Further development of PathProfiler would therefore seem to be potentially worthwhile, and tools such as this will likely become increasingly important. As AI algorithms become available for use within the diagnostic setting, the quality assurance related to their development will likely be scrutinised10, 34, much in the same way as for other medical devices. It is foreseeable that in the future there will be a need to provide evidence of the quality of cohorts used for the development of AI tools being considered for clinical use, or of a means to evidence that quality-related issues had been considered and accounted for during the study design. Consideration of quality is therefore paramount during algorithm development. Tools that can detect quality issues with WSIs are therefore important/relevant in the collation of image repositories for research purposes and are further justifiable given the significant resources needed to undertake the task of digitising the slides. Ideally, a quality indicator could be provided alongside a WSI library to inform potential researchers of the basic quality of the cohort and the nature of artefacts present.

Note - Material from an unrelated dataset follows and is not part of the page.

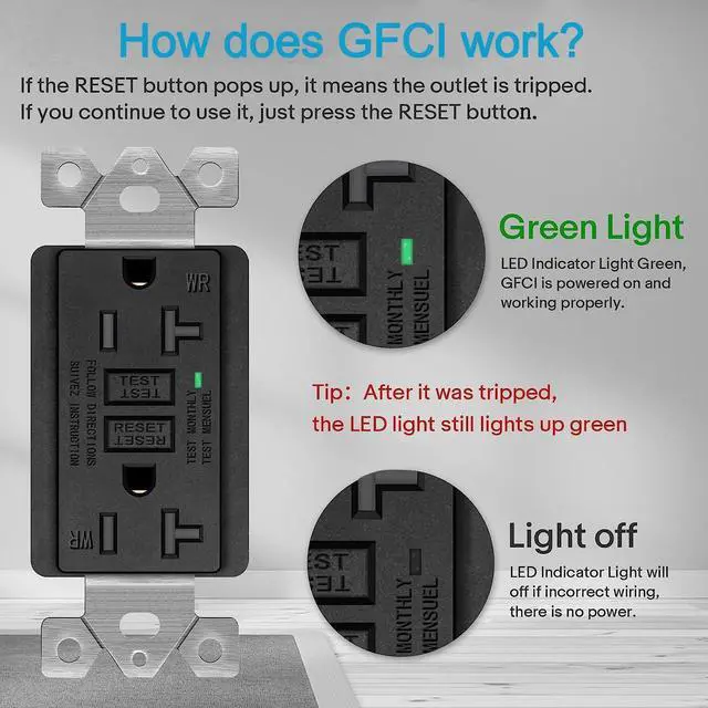 Safe 20Amp GFCI Outlet BlackCompared to conventional outlets, with an added leakage protection technology. When there is a leakage in the circuit at home, the GFCI can auto respond to a ground fault in time, trips on actual ground fault. Safer and more adaptable to the needs of modern life. Fireproof polycarbonate shell manufacturing, weather resistant. Have prevented many accidents in the home, such as electric shock, fire, to keep people safe.
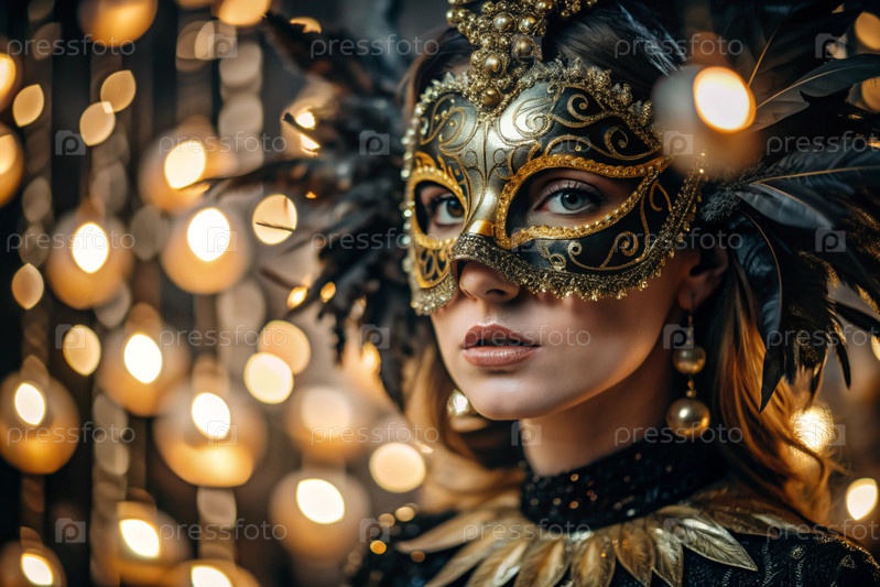 Карнавал Венеции.Закрытие женщины в украшенной карнавальной маске.Яркие цвета передают атмосферу празднования и роскоши

However, in our opinion the development of such a tool capable of analysis across tissue types now requires a concerted effort to collate larger and more varied sample cohorts to enable exposure to the full range of potential variables, ensuring reliability and lack of bias. As such, we have made the code, trained models and generated quality overlays available at [https://github.com/MaryamHaghighat/PathProfiler](https://github.com/MaryamHaghighat/PathProfiler) for further studies.

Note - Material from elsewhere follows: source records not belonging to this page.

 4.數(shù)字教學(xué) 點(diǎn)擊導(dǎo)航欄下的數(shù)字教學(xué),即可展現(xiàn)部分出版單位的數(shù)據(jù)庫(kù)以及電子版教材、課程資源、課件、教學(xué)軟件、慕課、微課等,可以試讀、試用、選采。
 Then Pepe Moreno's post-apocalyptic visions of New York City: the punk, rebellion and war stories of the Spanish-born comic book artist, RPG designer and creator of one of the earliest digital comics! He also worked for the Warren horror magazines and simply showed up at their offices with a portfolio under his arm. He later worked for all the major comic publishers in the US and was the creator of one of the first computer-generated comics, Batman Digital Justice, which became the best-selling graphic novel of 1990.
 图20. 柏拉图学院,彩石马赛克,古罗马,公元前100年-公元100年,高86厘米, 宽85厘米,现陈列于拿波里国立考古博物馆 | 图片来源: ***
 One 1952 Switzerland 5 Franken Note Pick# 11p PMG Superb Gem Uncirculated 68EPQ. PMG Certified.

PathProfiler may equally have the future potential for utility within a workflow for diagnostic pathology in the clinical setting and given that the algorithm runs on images at relatively low magnification the impact on throughput time in a clinical pipeline would not be significant. Whilst the benefit for a clinical workflow in highlighting sub-optimal WSIs is evident, there is also a downstream benefit for research, and increasingly so. Retrospective cohorts of cases have been the mainstay of data resources to date for computational pathology, and for research requiring long-term patient outcome data they will remain so, however, the roll-out of digital pathology within the diagnostic setting has opened the doors for prospective collation of whole slide images (WSI) for research purposes. As a result, resources are being ploughed into forward-looking schemes which involve the prospective collation of WSI directly from the diagnostic workflow. The PathLAKE project ([https://www.pathlake.org](https://www.pathlake.org)) is an exemplar of such a scheme drawing on WSIs from multiple academic clinical settings to populate a repository that can be utilised for algorithm training, in a pioneering partnership between industry and the NHS. Whilst it is anticipated that these contemporary diagnostic slides would be afflicted with fewer quality issues and we have seen this in our data 12% vs 2% old vs new, artefacts are still recognised and quality assurance is still very relevant.

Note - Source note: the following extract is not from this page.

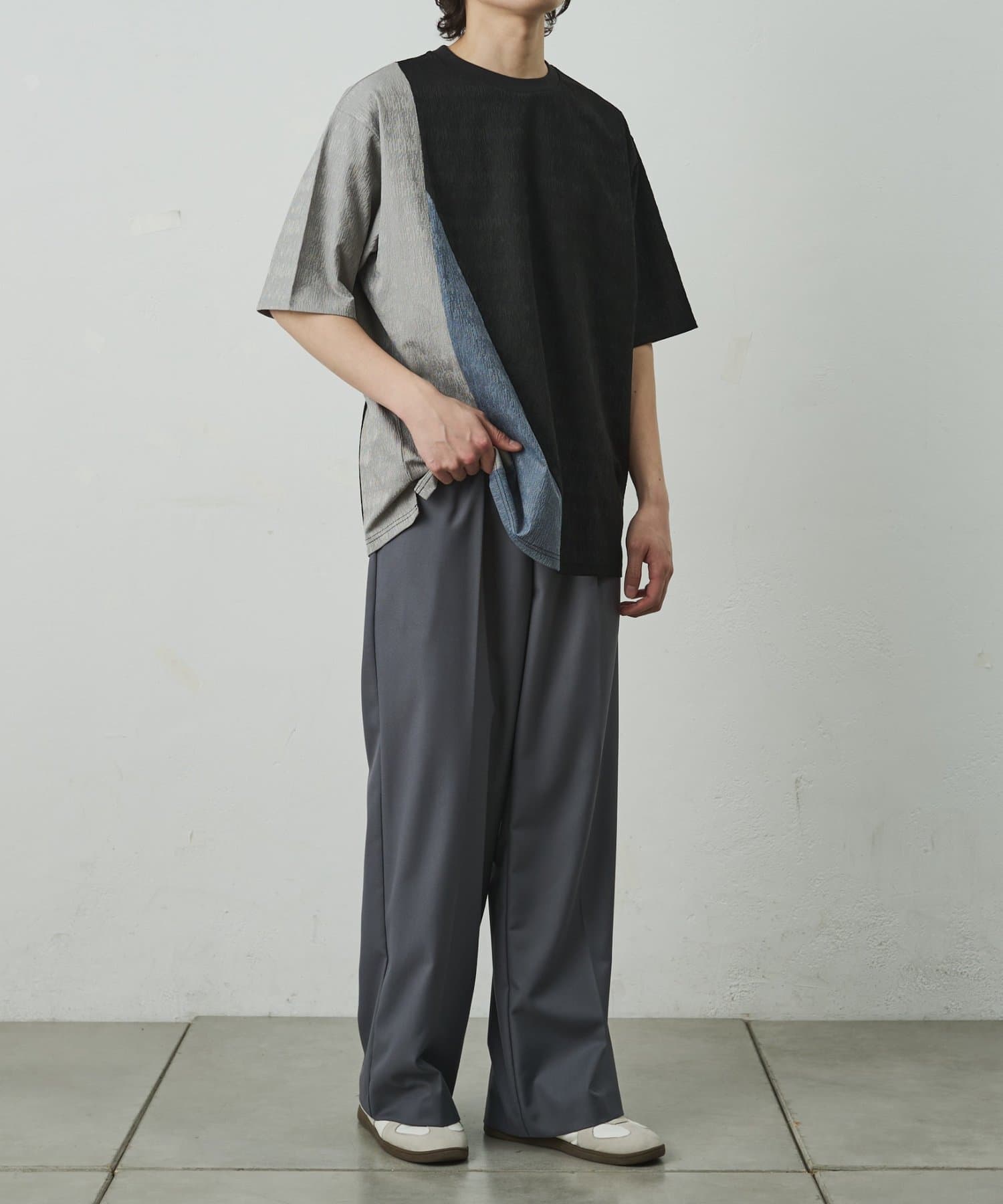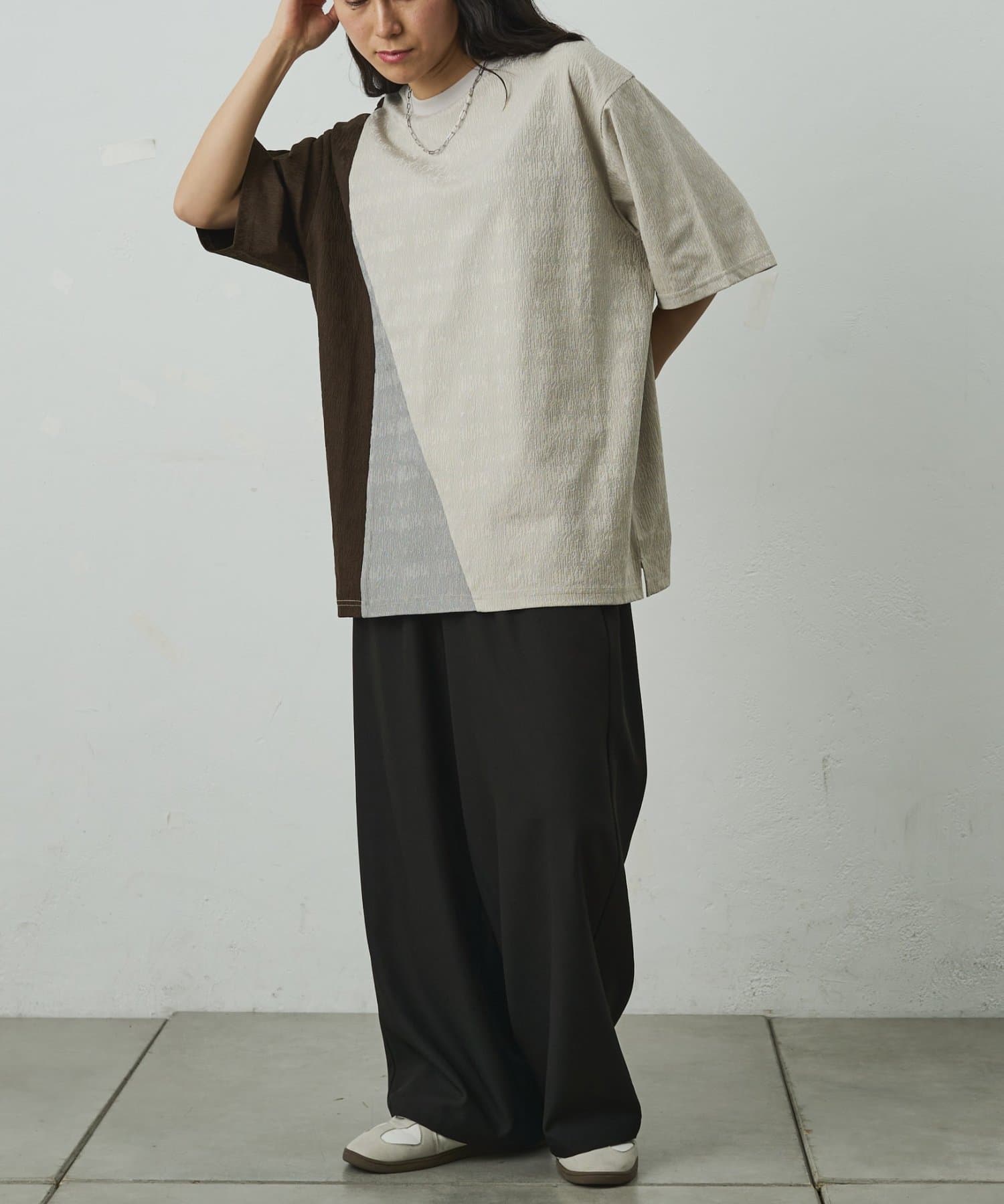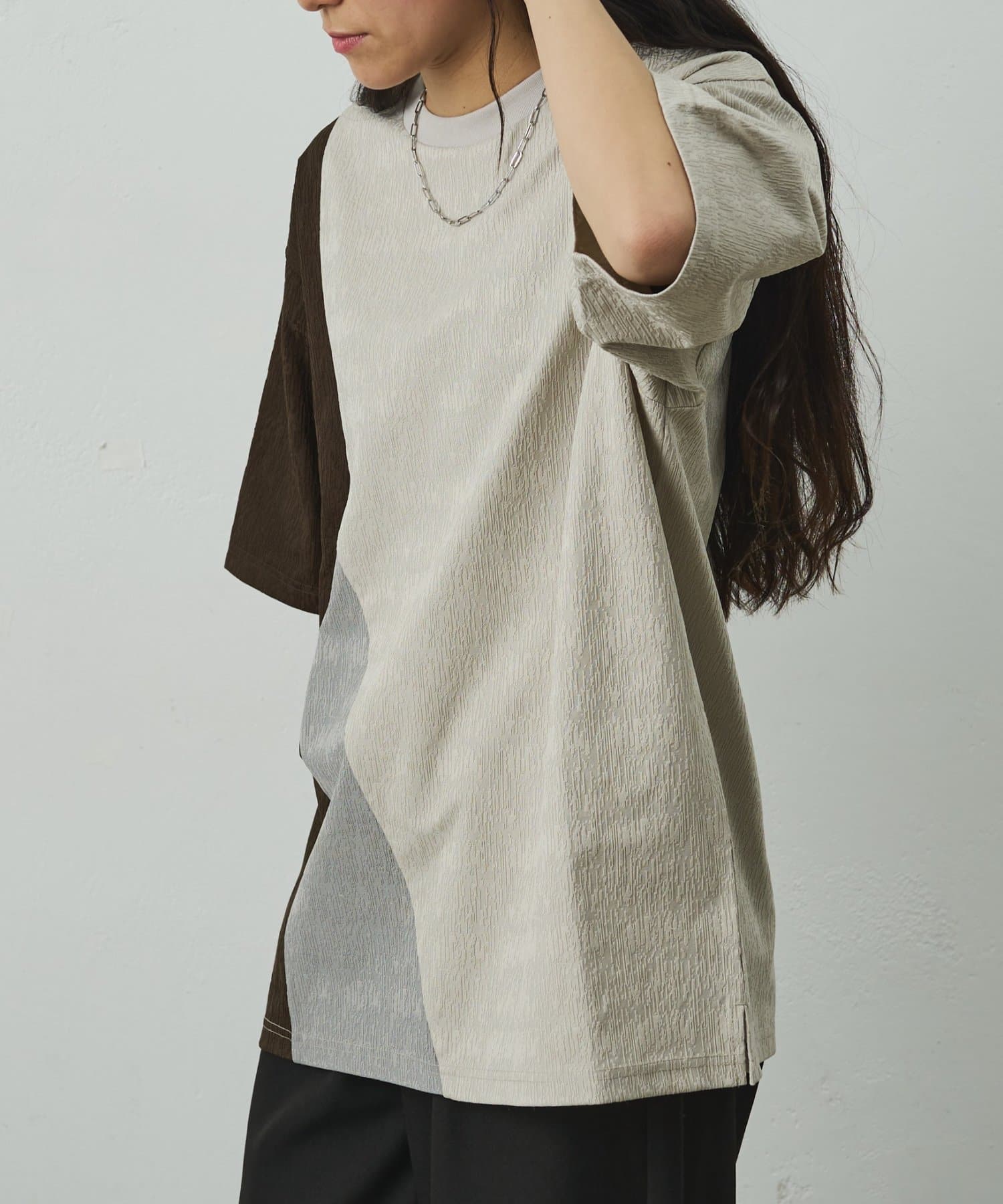 ブライトジャガード切替半袖TEE

Whilst large prospective cohorts may be suitable for the development of AI tools, for example to aide cancer detection or assess biomarker status, retrospective cohorts with linked outcome data remain necessary in the development of algorithms to detect novel prognostic tissue features, for example. For this reason, algorithms developed for quality assessment will remain relevant. It is for this reason that we consider the output from our study as particularly significant.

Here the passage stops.